Lenten Reading for March 6

06
Mar

We do not make this spiritual journey of life alone; we make it yoked to other human beings. It is not uncommon in this broken world for important relationships in our lives to break down. Where our hearts harden, our souls are poisoned.

Henri Nouwen writes about his experience of drawing near to death following an accident:

The real struggle (of dying) is not a matter of leaving loved ones. The real struggle had to do with leaving behind me people whom I had not forgiven and people who had not forgiven me. These feelings kept me bound to the old body and brought me great sadness to the old body and brought me great sadness. I suddenly felt an immense desire to call around my bed all who were angry with me and all with whom I was angry, to embrace them, ask them to forgive me, and offer them my forgiveness. As I thought of them, I realized that they represented a host of opinions, judgments, and even condemnations that had enslaved me to this world.
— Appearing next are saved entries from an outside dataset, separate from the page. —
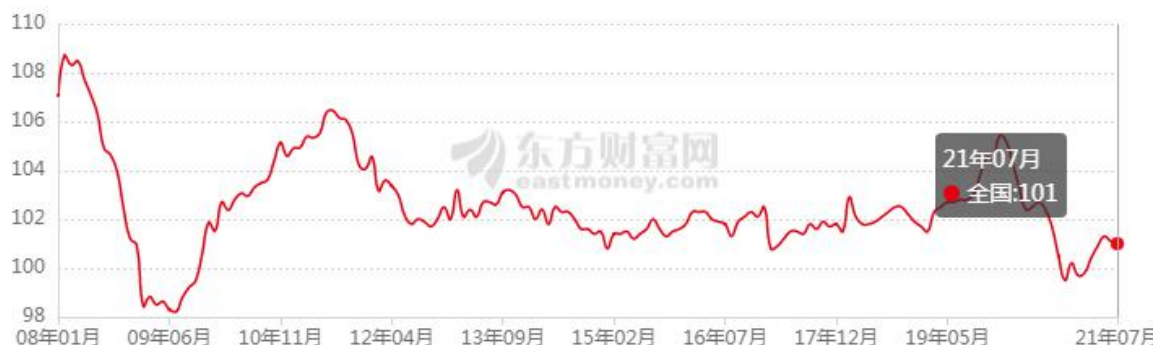
中国7月居民消费价格（CPI）同比增长

中国7月居民消费价格(CPI)同比增长1%，预期增长0.8%，前值增长1.1%，中国7月工业生产者出厂价格(PPI)同比上涨9%，预估为8.8%，前值为8.8%。国家统计局城市司高级统计师董莉娟解读2021年7月份CPI和PPI数据，7月份，各地区各部门统筹做好疫情防控、防汛救灾和经济社会发展工作，积极落实保供稳价政策，市场供需总体平稳。
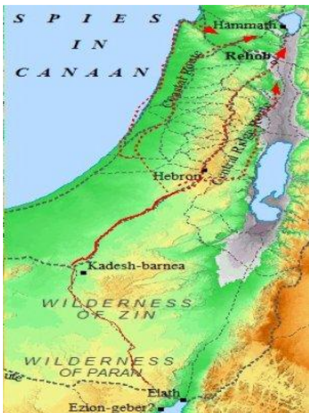
Hình 2.- Lộ trình (đường đứt quãng màu đỏ) của các điệp viên thám thính đất Ca-na-an trong vòng 40 ngày.

ứng với một ngày mà 12 điệp viên thám thính đất Ca-na-an, cho đến khi tất cả mọi người từ 20 tuổi sắp lên, trừ Giô-suê và Ca-lép, chết hết trong sa mạc, chỉ thế hệ con cháu của họ mới được vào đất hứa mà thôi [4].
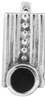
עגילי כסף עם אמייל 20.00 $
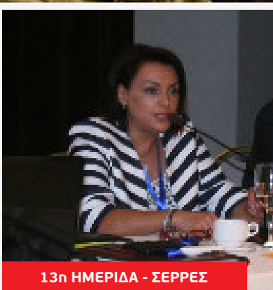
13η ΗΜΕΡΙΔΑ - ΣΕΡΡΕΣ
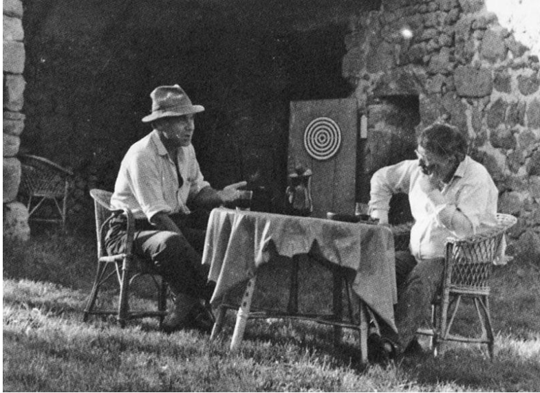
Lebovisi i Debor, Šampo (Champot), 1983.
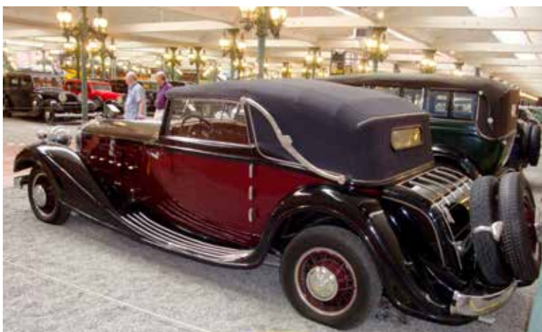
Horch Cabriolet 670 från 1932 med en 12-cylindrig 6-litersmotor med en toppfart på 140 km/h
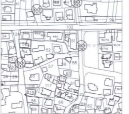
תרשים סביבה קנ"מ 1:2500

הערות: 1. גבולות ושטח החלקה נלקחו ממפת גוש רשום מס' 8869 2. התכנית לפי ק/3000 ולפי 451-0169227 3. התכנית קשורה לרשת הארצית
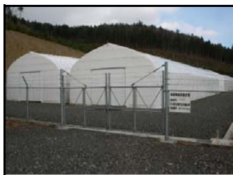
仮置場（入り口側から撮影）
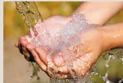
Water Treatment Plant
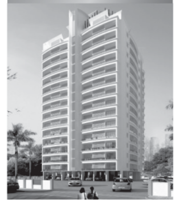
HILL CREST Residential Apartment Ladyhill, Mangalore 3 BHK: 1989, 2260, 2288 sft
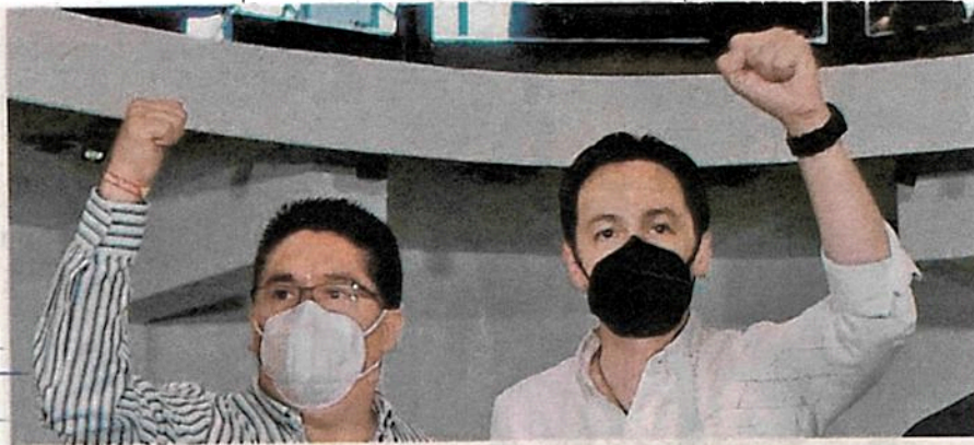
Tras considerarse fundada la omisión hecha valer por el PRD, en escrito de demanda, ya que el consejo no realizó un cómputo de las casillas
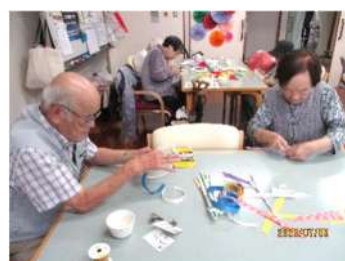
ウチワづくりに皆さん真剣です。
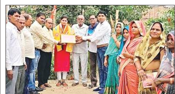
छात्रा को सम्मानित करते महासभा के पदाधिकारी।
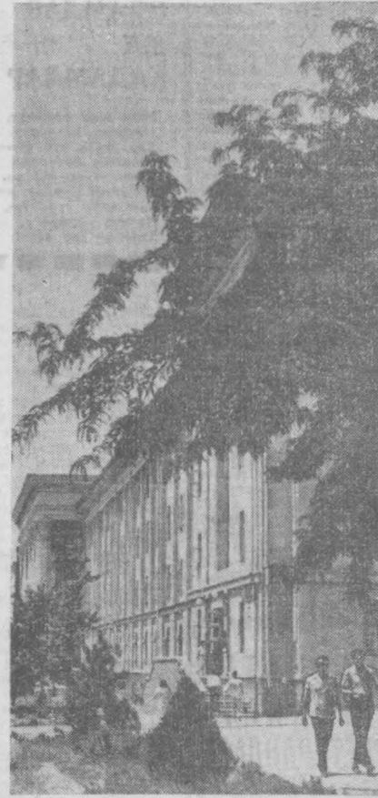
Тошкентнинг Навоий кўчасида.

It almost seemed that much of my energy had gone into proving to myself and to others that I was right in my conviction that some people could not be trusted, that others were using me or were trying to push me aside, and that whole groups and categories of people were falling short of the mark. Thus I kept holding on to the illusion that I am destined to be the evaluator and judge of human behavior.

As I felt life weakening in me, I felt a great desire to forgive and to be forgiven, to let go of all evaluations and opinions, to be free from the burden of judgments.

Knowing that death comes to all of us, where is there a need for reconciliation in our lives?